Using functional MRI (fMRI), a newly developed brain-computer interface can read a person's thoughts and translate them into full sentences, according to a report published May 1 in Nature Neuroscience.
The decoder was developed to read a person's brain activity and translate what they want to say into continuous, natural language, the researchers said.
"Eventually, we hope that this technology can help people who have lost the ability to speak due to injuries like strokes or diseases like ALS,"said lead study author Jerry Tang, a graduate research assistant at the University of Texas at Austin.
But the interface goes even further than that, translating into language whatever thoughts are foremost in a person's mind.
"We also ran our decoder on brain responses while the user imagined telling stories and ran responses while the user watched silent movies,"Tang said. "And we found that the decoder is also able to recover the gist of what the user was imagining or seeing."
Because of this, the decoder is capable of capturing the essence of what a person is thinking, if not always the exact words, the researchers said.
For example, at one point a participant heard the words, "I don't have my driver's license yet."The decoder translated the thought as, "She has not even started to learn to drive yet."
The technology isn't at the point where it can be used on just anyone, Tang said.
Training the program required at least 16 hours of participation from each of the three people involved in the research, and Tang said the brain readings from one person can't be used to inform the scans of another.
The actual scan also involves the cooperation of the person, and can be foiled by simple mental tasks that deflect a participant's focus, he said.
Still, one expert lauded the findings.
"This work represents an advance in brain-computer interface research and is potentially very exciting," said Dr.
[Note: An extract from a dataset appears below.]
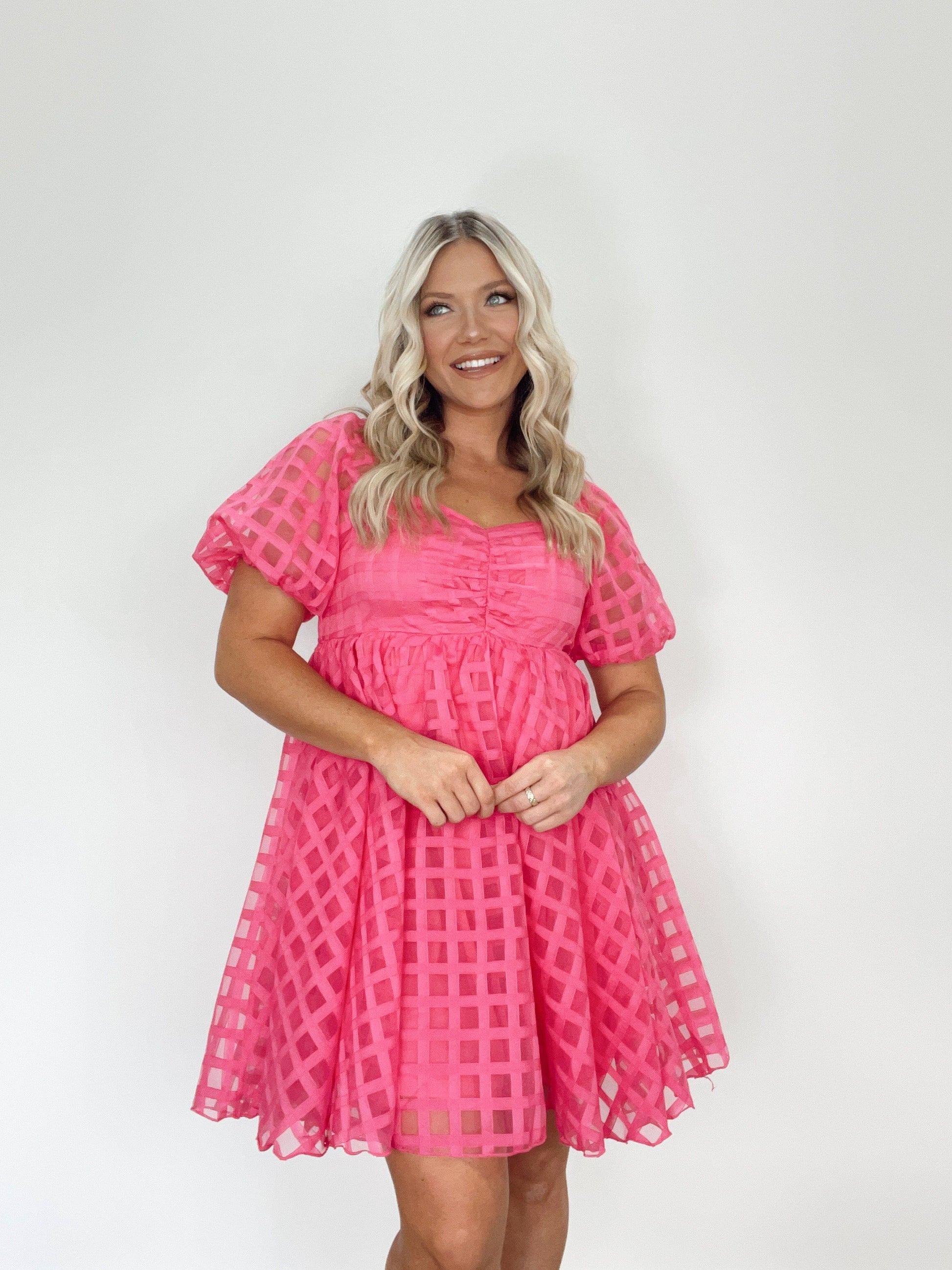 Be the center of attention in this stunning fuchsia checkered dress. With its eye-catching statement pattern and flattering babydoll fit. you'll be the epitome of girly chic. Puff sleeves. a soft inner lining. and gentle ruching detail give the piece a delicate air. while the smocked panel ensures both comfort and a beautiful silhouette. The perfect balance of bright. vibrant color and sweet femininity. this delightful dress is sure to light up any spring or summer day.

Mitchell Elkind, chief clinical science officer of the American Heart Association and a professor of neurology and epidemiology at Columbia University in New York City.
"The major advance here is being able to record and interpret the meaning of brain activity using a non-invasive approach," Elkind explained. "Prior work required electrodes placed into the brain using open neurosurgery with the risks of infection, bleeding and seizures. This non-invasive approach using MRI scanning would have virtually no risk, and MRIs are done regularly in brain-injured patients. This approach can also be used frequently in healthy people as part of research, without introducing them to risk."
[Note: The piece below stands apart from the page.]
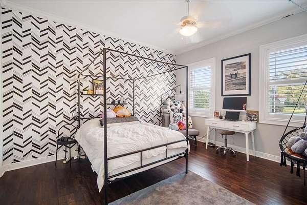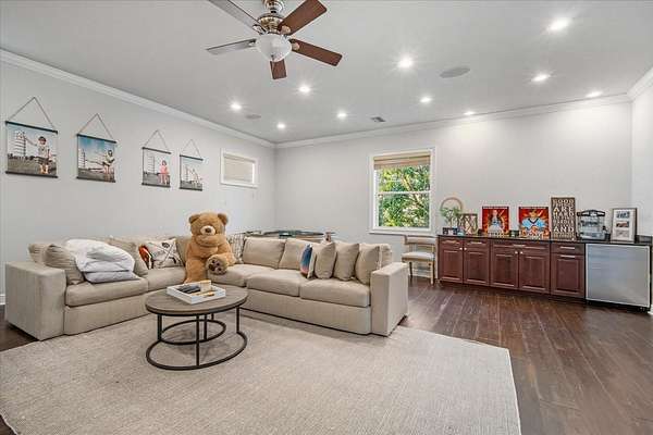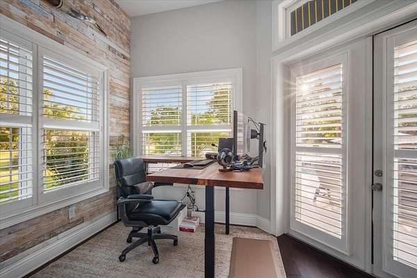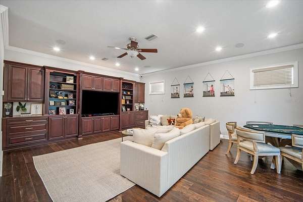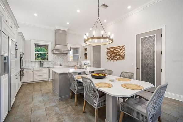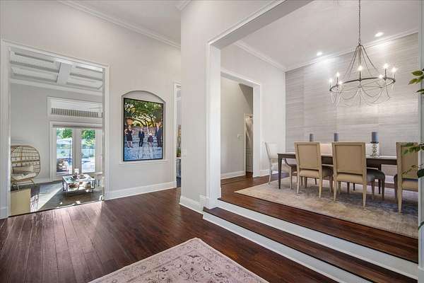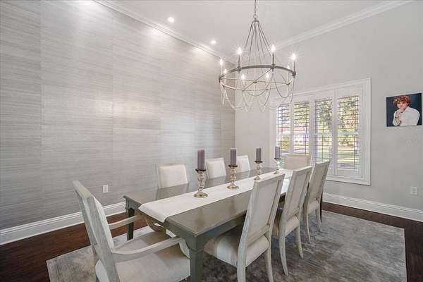 Step through the doors into a thoughtfully designed layout that blends openness with function. The spacious great room is filled with natural light from oversized windows that frame stunning views of the pool and outdoor living areas. Crown molding, refined finishes, and rich new flooring throughout create a cohesive and elevated feel. The formal dining room offers the perfect setting for holiday gatherings and elegant dinner parties.

Powerful results prompt warning that 'mental privacy' may be at risk
Indeed, the results of this study were so powerful that Tang and his colleagues felt moved to issue a warning about "mental privacy."
"This could all change as technology gets better, so we believe that it's important to keep researching the privacy implications of brain decoding, and enact policies that protect each person's mental privacy,"Tang said.
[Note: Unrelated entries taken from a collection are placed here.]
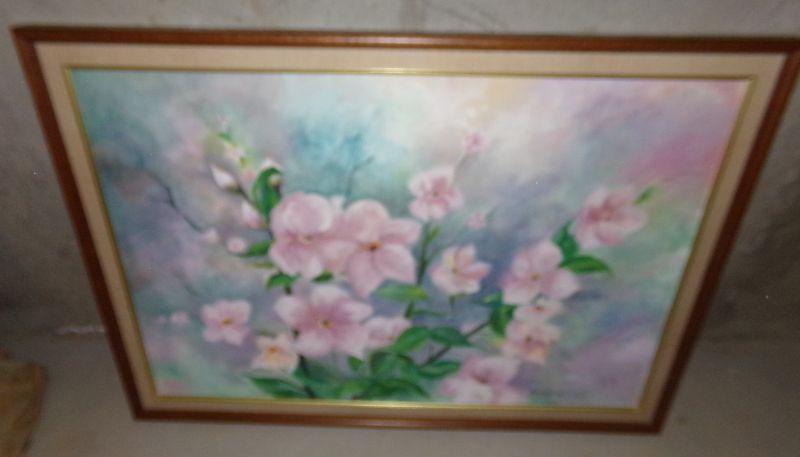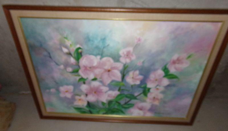 PINK FLOWERS IN OILS ON CANVAS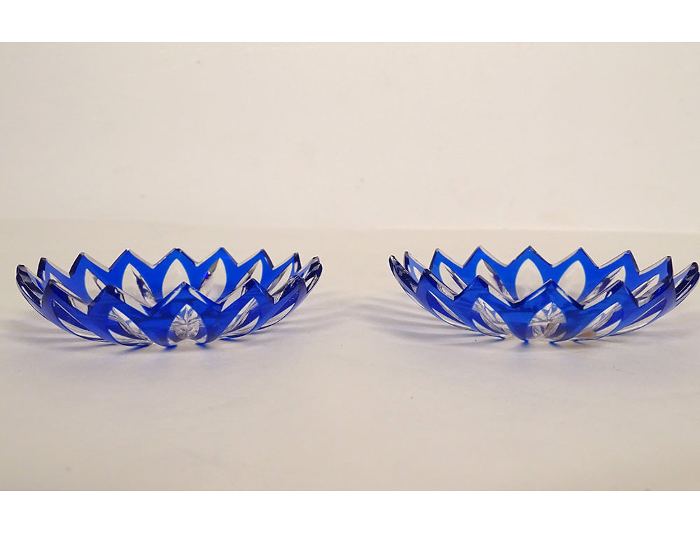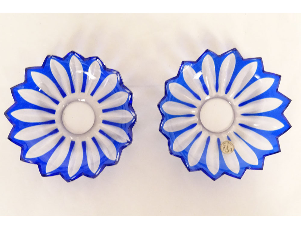 Pair of bobeches (for candlesticks, candelabras or chandeliers) in red and translucent crystal, signed Baccarat* France, from the 19th century.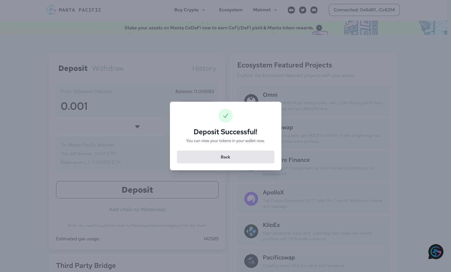 When you're ready, click on "Deposit" to initiate the bridge.

Earlier efforts at translating brain waves into speech have used electrodes or implants to record impulses from the motor areas of the brain related to speech, said senior researcher Alexander Huth. He is an assistant professor of neuroscience and computer science at the University of Texas at Austin.
"These are the areas that control the mouth, larynx, tongue, etc., so what they can decode is how is the person trying to move their mouth to say something, which can be very effective,"Huth said.
The new process takes an entirely different approach, using fMRI to non-invasively measure changes in blood flow and blood oxygenation within brain regions and networks associated with language processing.
"So instead of looking at this kind of low-level like motor thing, our system really works at the level of ideas, of semantics, of meaning,"Huth said. "That's what it's getting at. This is the reason why what we get out is not the exact words that somebody heard or spoke. It's the gist. It's the same idea, but expressed in different words."
The researchers trained the decoder by first recording the brain activity of the three participants as they listened to 16 hours of storytelling podcasts like the "Moth Radio Hour," Tang said.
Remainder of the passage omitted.